- [Task item]: Return the data below exactly, but only from the line containing "5 3/10 * 32" through the line containing "วันที่ 20 สิงหาคม.", with both of those lines included.

- [Data listing]:

╔══

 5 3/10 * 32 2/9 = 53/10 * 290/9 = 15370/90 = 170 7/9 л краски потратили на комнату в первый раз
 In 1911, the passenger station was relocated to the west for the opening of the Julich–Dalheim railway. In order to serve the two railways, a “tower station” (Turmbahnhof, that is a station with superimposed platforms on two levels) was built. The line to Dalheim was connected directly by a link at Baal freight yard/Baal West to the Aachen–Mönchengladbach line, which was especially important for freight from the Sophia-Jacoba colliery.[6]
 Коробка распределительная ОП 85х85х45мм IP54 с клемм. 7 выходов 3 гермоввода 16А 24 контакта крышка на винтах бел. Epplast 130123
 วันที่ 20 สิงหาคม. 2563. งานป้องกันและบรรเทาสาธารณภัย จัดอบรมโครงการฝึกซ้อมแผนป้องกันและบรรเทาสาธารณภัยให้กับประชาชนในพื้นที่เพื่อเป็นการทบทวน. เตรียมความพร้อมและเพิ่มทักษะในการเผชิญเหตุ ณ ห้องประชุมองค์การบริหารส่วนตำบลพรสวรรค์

╚══
╔══

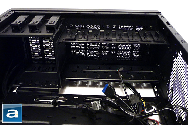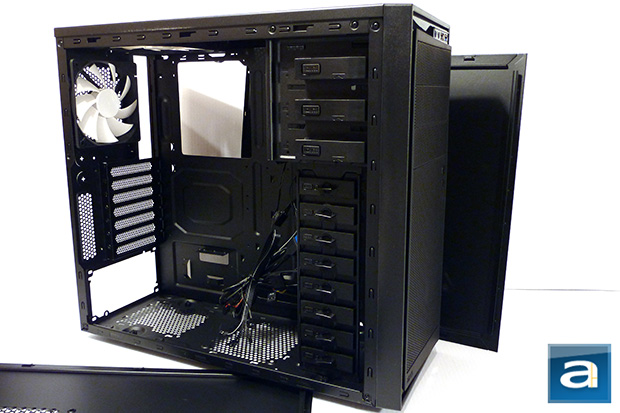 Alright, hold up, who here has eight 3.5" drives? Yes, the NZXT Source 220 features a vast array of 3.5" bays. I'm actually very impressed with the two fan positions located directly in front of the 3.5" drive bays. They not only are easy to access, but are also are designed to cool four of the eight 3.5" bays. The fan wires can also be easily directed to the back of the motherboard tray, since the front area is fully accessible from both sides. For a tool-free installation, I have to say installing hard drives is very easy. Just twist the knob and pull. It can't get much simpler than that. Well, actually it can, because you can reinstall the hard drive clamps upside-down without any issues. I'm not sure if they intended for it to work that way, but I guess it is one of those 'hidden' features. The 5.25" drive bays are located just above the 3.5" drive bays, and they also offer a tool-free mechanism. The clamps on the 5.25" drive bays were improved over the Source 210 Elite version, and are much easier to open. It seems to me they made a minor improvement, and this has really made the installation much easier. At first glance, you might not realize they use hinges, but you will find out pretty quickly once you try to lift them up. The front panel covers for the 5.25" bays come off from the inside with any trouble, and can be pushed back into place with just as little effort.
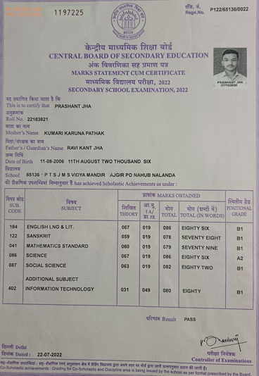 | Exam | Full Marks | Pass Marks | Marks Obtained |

╚══
╔══

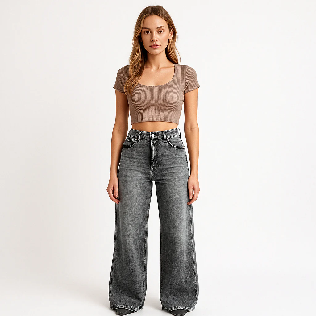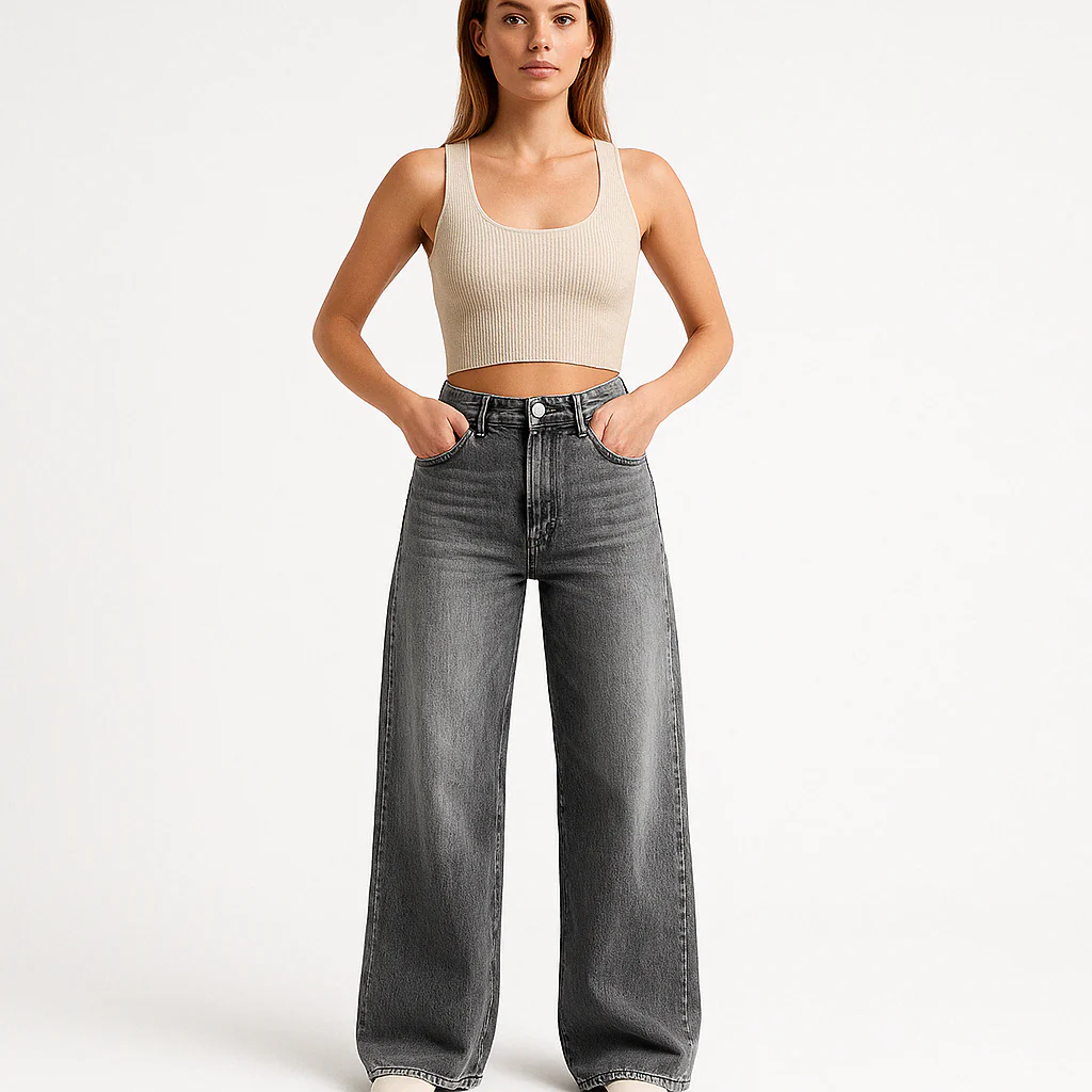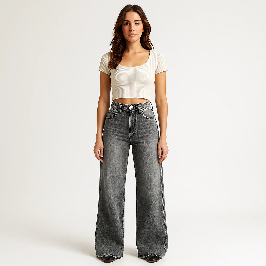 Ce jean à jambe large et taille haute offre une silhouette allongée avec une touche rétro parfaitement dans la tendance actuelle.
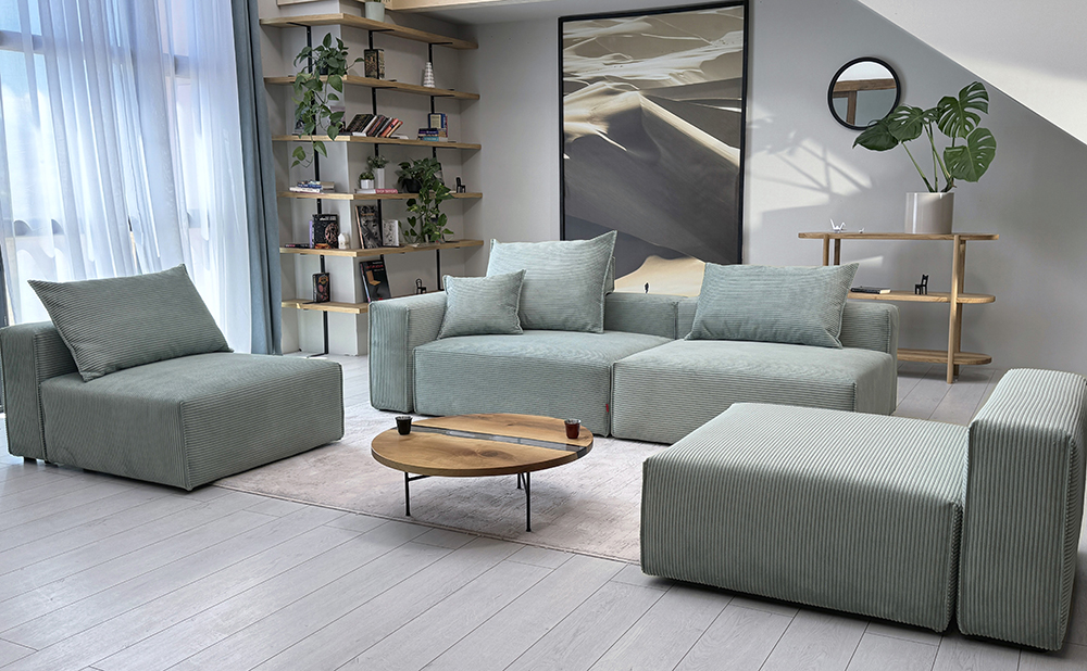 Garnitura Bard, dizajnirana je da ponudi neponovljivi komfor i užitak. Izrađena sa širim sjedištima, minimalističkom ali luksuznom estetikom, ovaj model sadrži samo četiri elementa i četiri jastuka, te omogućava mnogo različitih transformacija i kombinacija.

╚══

- [Task result]:
 5 3/10 * 32 2/9 = 53/10 * 290/9 = 15370/90 = 170 7/9 л краски потратили на комнату в первый раз
 In 1911, the passenger station was relocated to the west for the opening of the Julich–Dalheim railway. In order to serve the two railways, a “tower station” (Turmbahnhof, that is a station with superimposed platforms on two levels) was built. The line to Dalheim was connected directly by a link at Baal freight yard/Baal West to the Aachen–Mönchengladbach line, which was especially important for freight from the Sophia-Jacoba colliery.[6]
 Коробка распределительная ОП 85х85х45мм IP54 с клемм. 7 выходов 3 гермоввода 16А 24 контакта крышка на винтах бел. Epplast 130123
 วันที่ 20 สิงหาคม. 2563. งานป้องกันและบรรเทาสาธารณภัย จัดอบรมโครงการฝึกซ้อมแผนป้องกันและบรรเทาสาธารณภัยให้กับประชาชนในพื้นที่เพื่อเป็นการทบทวน. เตรียมความพร้อมและเพิ่มทักษะในการเผชิญเหตุ ณ ห้องประชุมองค์การบริหารส่วนตำบลพรสวรรค์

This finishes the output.